◆ Exercise objective
Everything in the listing below needs restating exactly, apart from the pictures.

◆ Material provided
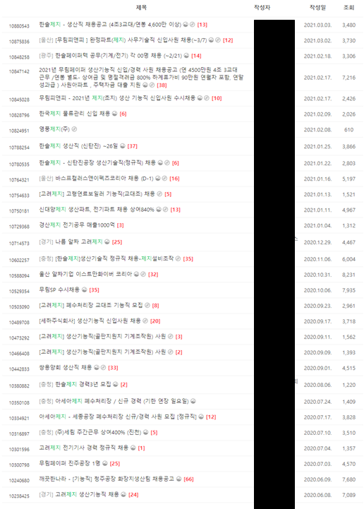 1년도 채 안된기간에 제지회사 채용만 30건이 훌쩍 넘는것을 알 수 있다.
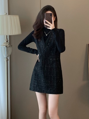 小香风背心连衣裙女2025秋冬新款配大衣马甲毛呢内搭套装裙小个子
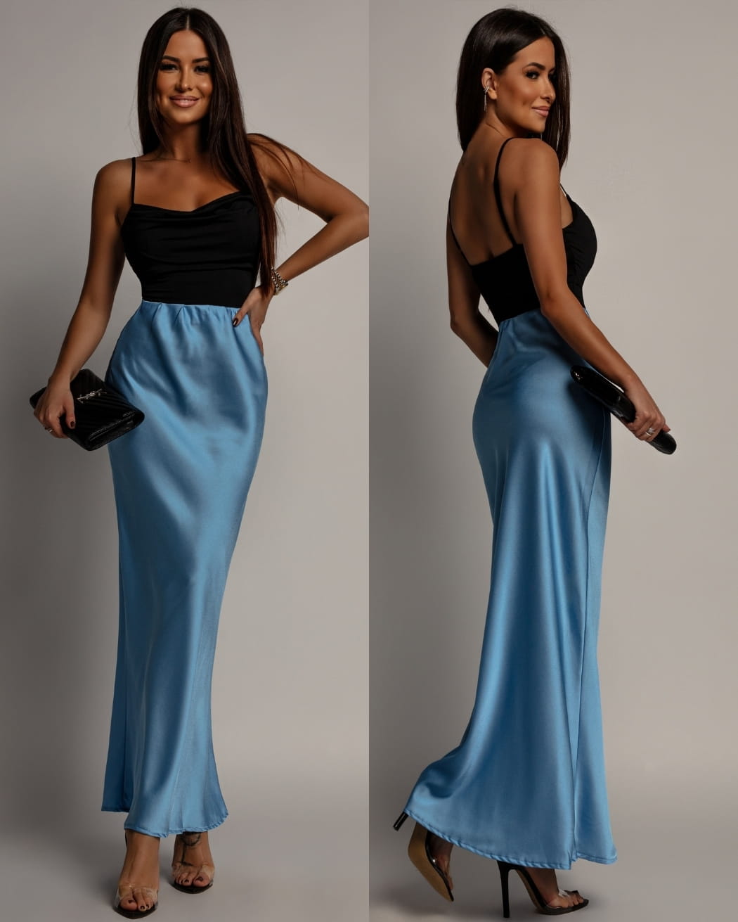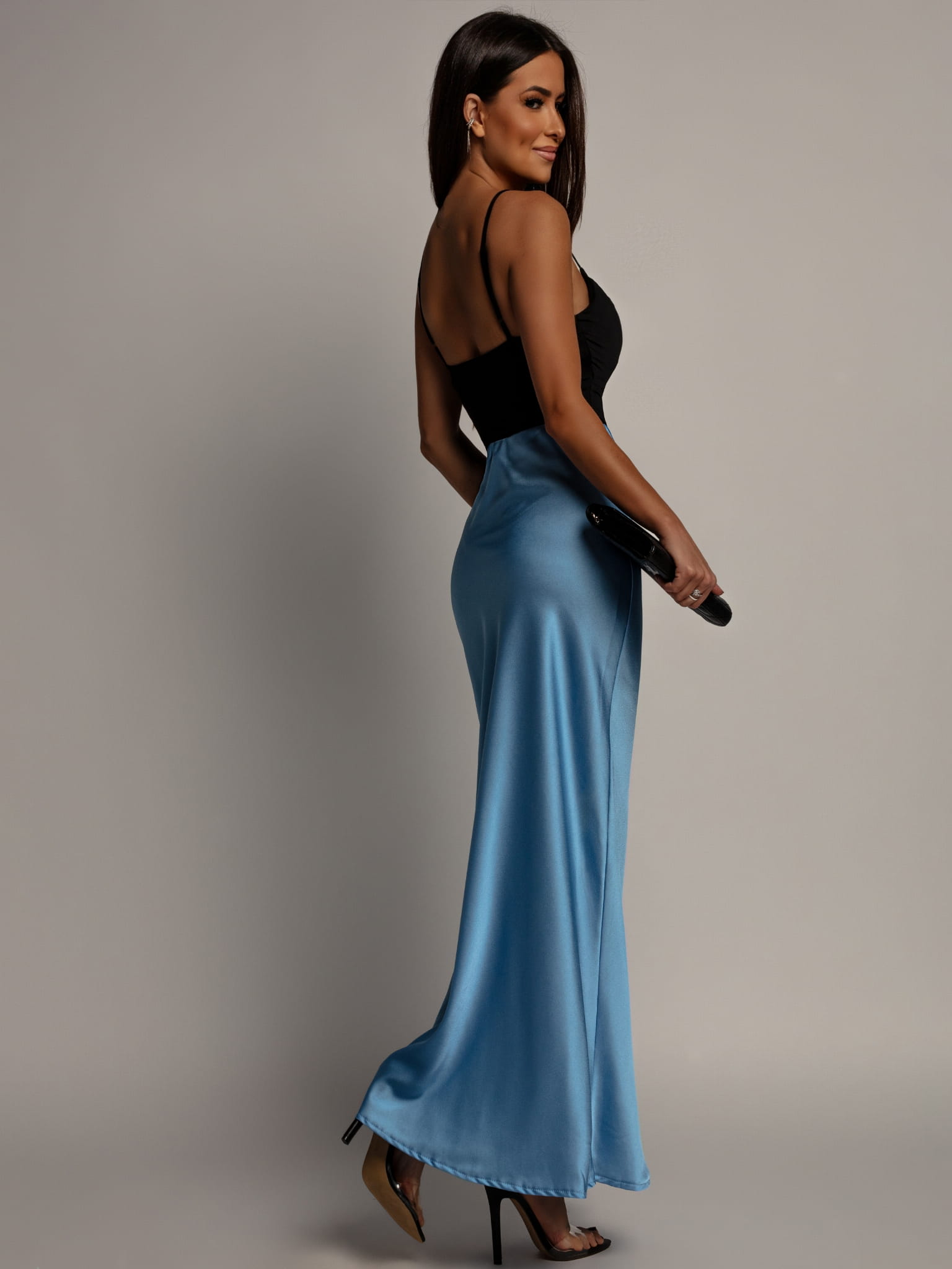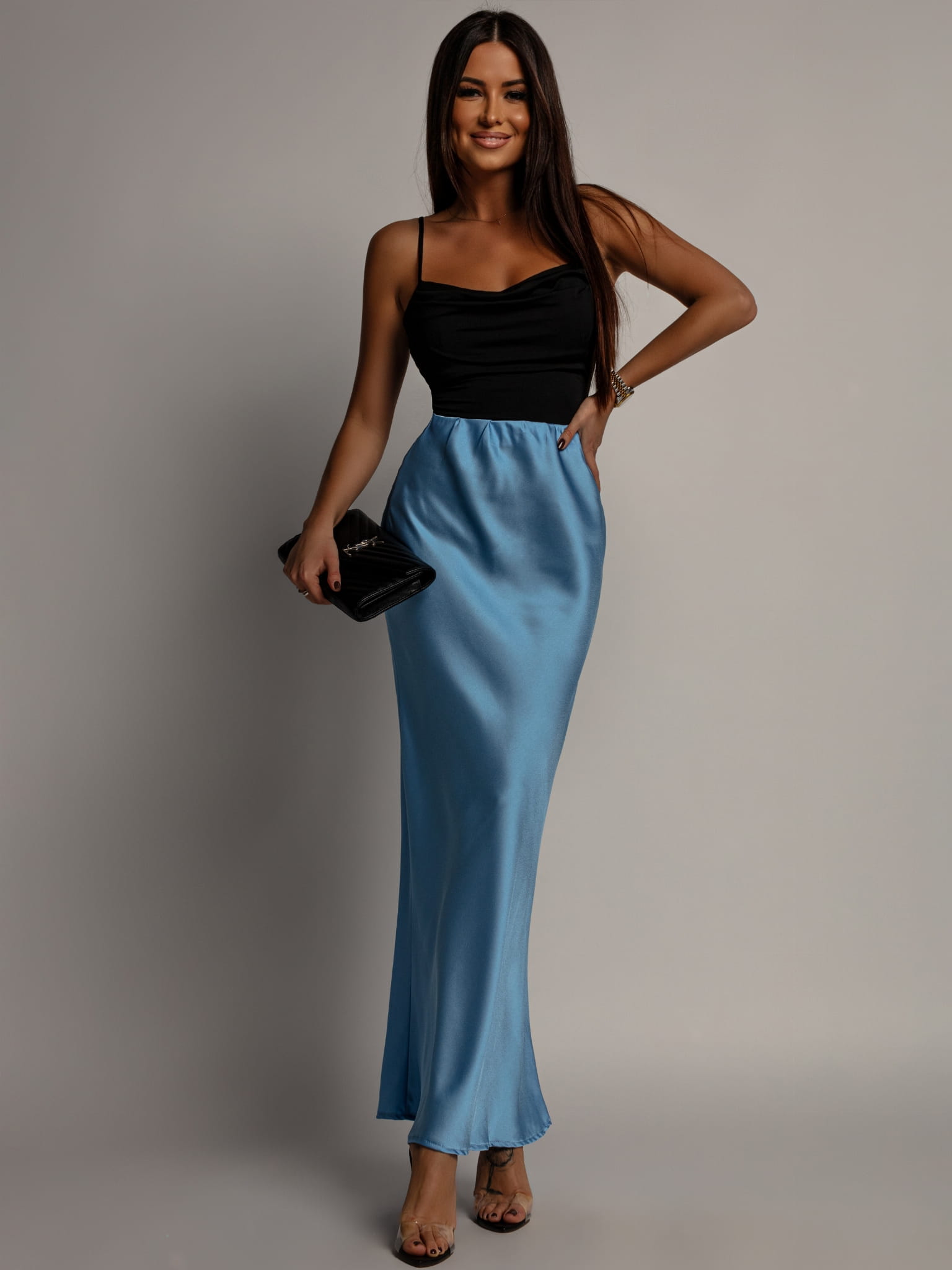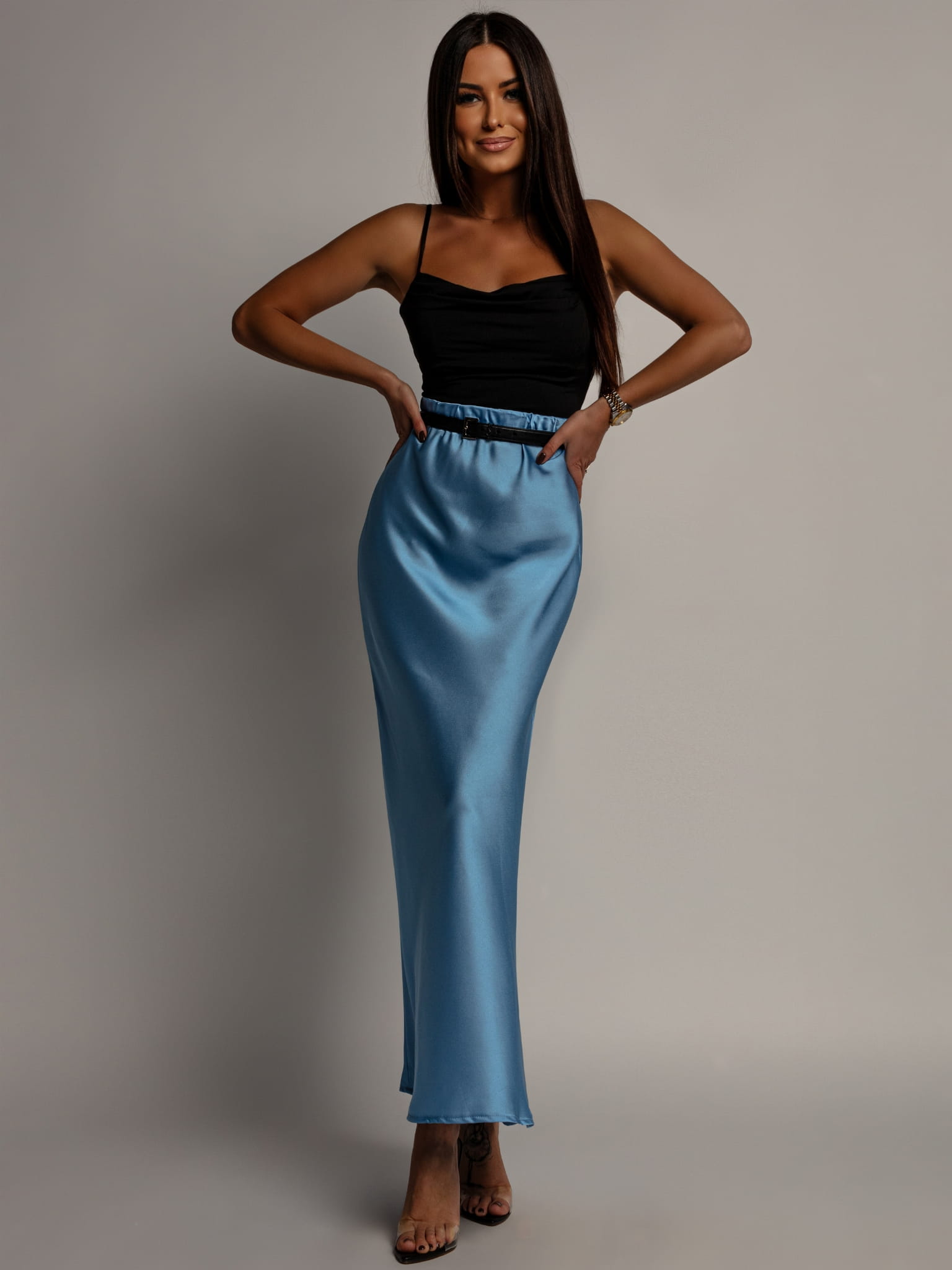 Spódnica midi v2 satynowa niebieska
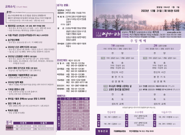 2023년 12월 31일 주보 (센텀예배당) 페이지 정보 작성자 관리지기 작성일23-12-30 11:06 조회3,530회 댓글0건 관련링크 목록 본문 2023년 12월 31일 주보 (센텀예배당) 댓글목록 등록된 댓글이 없습니다. 목록
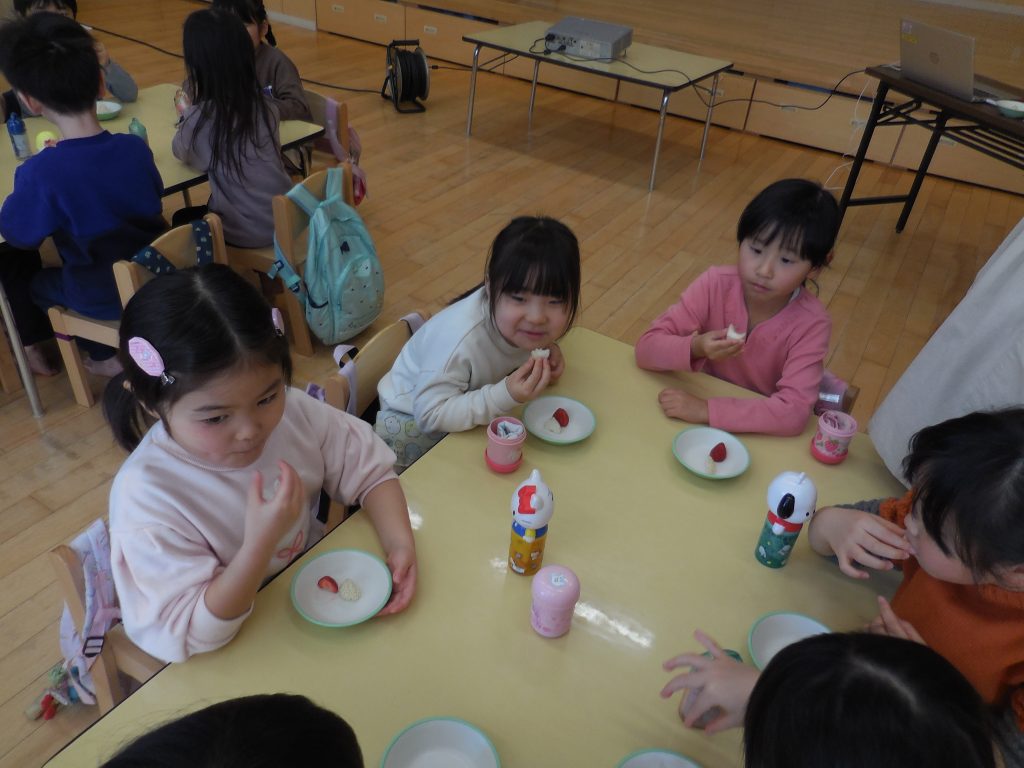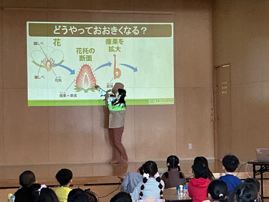 いちごクイズやいちごの花が咲いてできるまでなどのお話をいただき、真剣に聞く姿が見られていました☺

◆ Solution for this problem
 1년도 채 안된기간에 제지회사 채용만 30건이 훌쩍 넘는것을 알 수 있다.
 小香风背心连衣裙女2025秋冬新款配大衣马甲毛呢内搭套装裙小个子
 Spódnica midi v2 satynowa niebieska
 2023년 12월 31일 주보 (센텀예배당) 페이지 정보 작성자 관리지기 작성일23-12-30 11:06 조회3,530회 댓글0건 관련링크 목록 본문 2023년 12월 31일 주보 (센텀예배당) 댓글목록 등록된 댓글이 없습니다. 목록
 いちごクイズやいちごの花が咲いてできるまでなどのお話をいただき、真剣に聞く姿が見られていました☺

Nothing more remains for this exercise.